Impossible de le faire changer d’avis. Si bien que pour l’affiche, l’illustrateur devra tricher en dessinant un bracelet manchette tout en or. Pourtant, c’est bien la montre qui crève l’écran. On ne voit qu’elle. Non seulement parce qu’elle est encore rare à l’époque, mais surtout parce qu’elle est un anachronisme flagrant. Cet ultime film de Rudolf Valentino, disparu quelques semaines avant sa sortie, serait-il passé à la postérité sans la montre Cartier ?


Découvrant la montre futuriste Hamilton Pulsar P2 2900 LED au poignet de Roger Moore dans le film de James Bond, Gianni Agnelli l’adopte et en fait un de ses éléments de style.

Quand Agnelli faisait mieux que James Bond
Quel est le point commun entre l’industriel italien Gianni Agnelli et l’acteur anglais Roger Moore ? Une montre, bien sûr. Avec audace, ces deux amateurs de belles mécaniques horlogères attachent à leurs poignets, au tournant des années 70, une montre futuriste pour l’époque : une Hamilton Pulsar P2 2900 LED. Digitale, elle affiche l’heure de manière lumineuse dans un boîtier de forme inspiré des vaisseaux spatiaux. Une montre futuriste et branchée, comme un ordinateur au poignet. L’Avvocato confessa plus tard que c’est en découvrant la montre sur Roger Moore, alias James Bond, dans Vivre et Laisser Mourir (1973) qu’il en avait eu terriblement envie. Un placement produit très réussi, et bien avant l’heure. Depuis, Hamilton est devenue l’une des maisons les plus proches des productions, non seulement de cinéma mais aussi de télévision.

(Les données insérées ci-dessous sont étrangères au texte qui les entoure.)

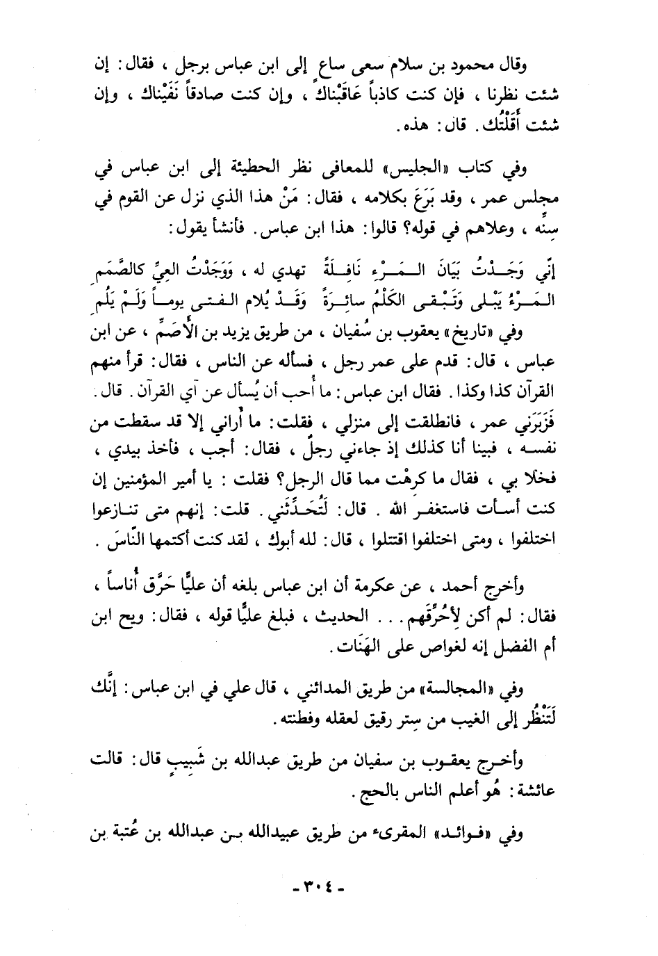 وأخرج أحمد، عن عكرمة أن ابن عباس بلغه أن عليًّا حَرَّق أُناسًا، فقال: لم أكن لِأحُرِّقَهم ... الحديث، فبلغ عليًّا قوله، فقال: ويح ابن أم الفضل إنه لغواص على الهَنَات.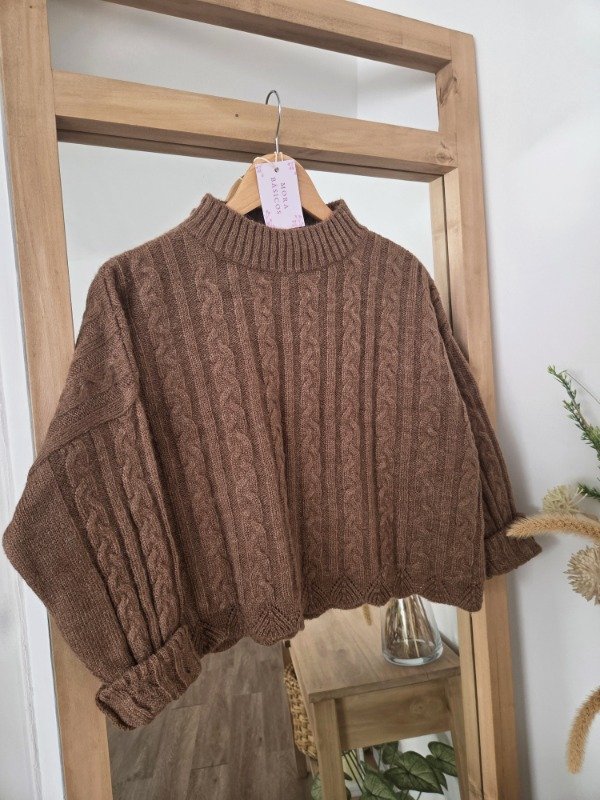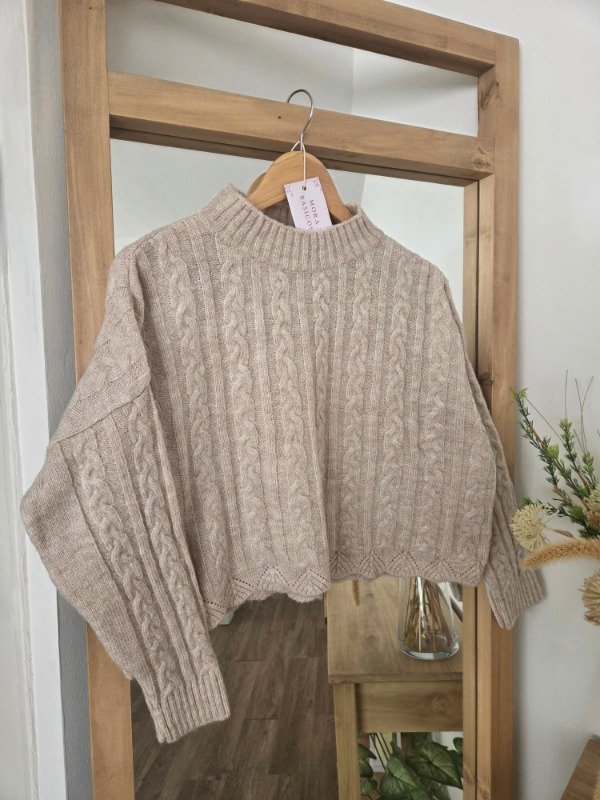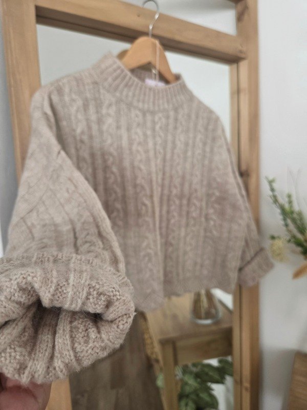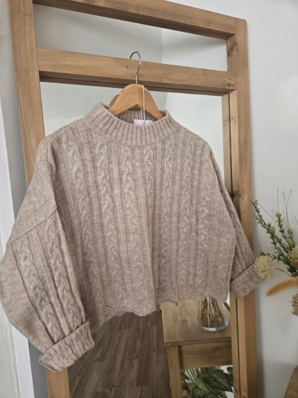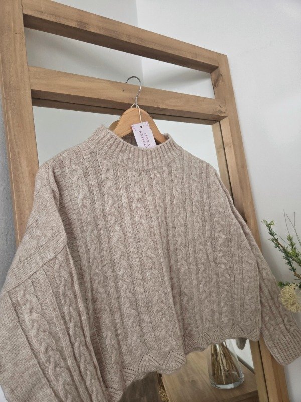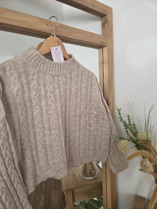 Polera tejida en lana angora con textura trenzada, de corte relajado. Tiene cuello alto cómodo.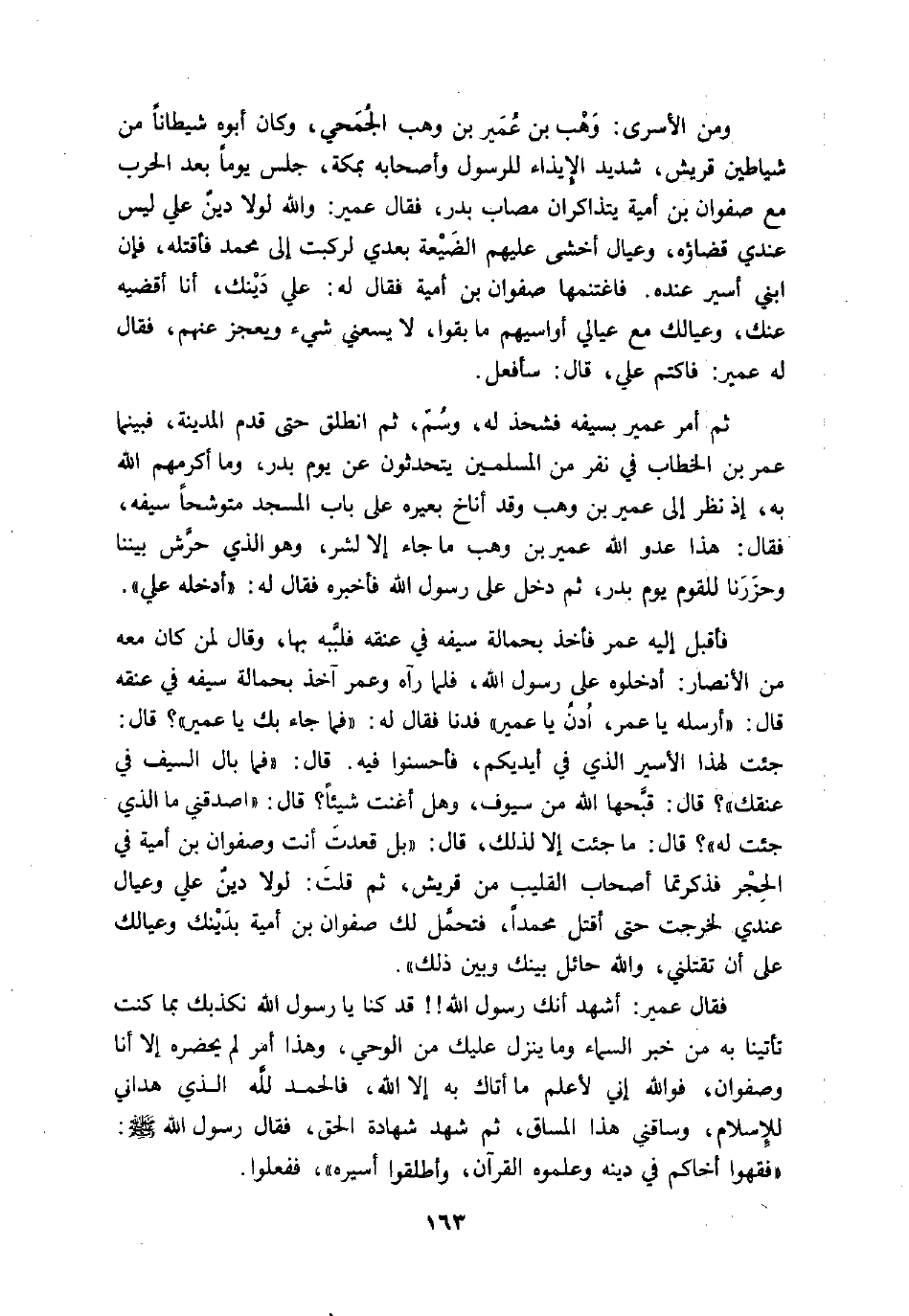 فقال عمير: أشهد أنك رسول الله!! قد كنا يا رسول الله نكذبك بما كنت تأتينا به من خبر السماء وما ينزل عليك من الوحي، وهذا أمر لم يحضره إلا أنا وصفوان، فو الله إني لأعلم ما أتاك به إلا الله، فالحمد لله الذي هداني للإسلام، وساقني هذا المساق، ثم شهد شهادة الحق، فقال رسول الله صلى الله عليه وسلم:

En effet, dans de nombreuses séries et fictions figurent ces montres. L’un des secrets, c’est la banque de prêt permanent et très facilement accessible aux costumières et décorateurs mise en place par la marque. En France, par exemple, Hamilton dispose de nombreux modèles pouvant être confiés à tout moment. Une politique volontariste et généreuse qui porte ses fruits, sans pour autant devoir mettre en place des contrats vertigineux. Mais l’horloger aux racines américaines est aussi très actif pour soutenir des superproductions. Hamilton a commencé à collaborer avec Hollywood en 1951 pour le film Les Hommes-grenouilles, nommé aux Oscars. La marque a continué à travailler avec les réalisateurs et les accessoiristes, leur fournissant des montres capables de refléter l’image voulue pour leurs personnages. La Ventura a ainsi été rendue célèbre non seulement par Elvis Presley, mais aussi par les films de la saga Men in Black. Les partenariats de la marque avec les films 2001 : l’odyssée de l’espace et Interstellar figurent aussi parmi les plus notables. Hamilton a célébré ces deux films emblématiques en créant une montre particulièrement avant-gardiste, l’ODC X-03. La montre de Matt Damon, lorsqu’il se retrouve Seul sur Mars, une Hamilton BeLOWZERO, en est un autre exemple. Des montres aussi futuristes que la fameuse Pulsar popularisée par Gianni Agnelli. Grâce à son style personnel, et arborant la montre sur son poignet de chemise, l’Avvocato fit finalement bien plus pour le succès de cette montre en Italie que James Bond lui-même.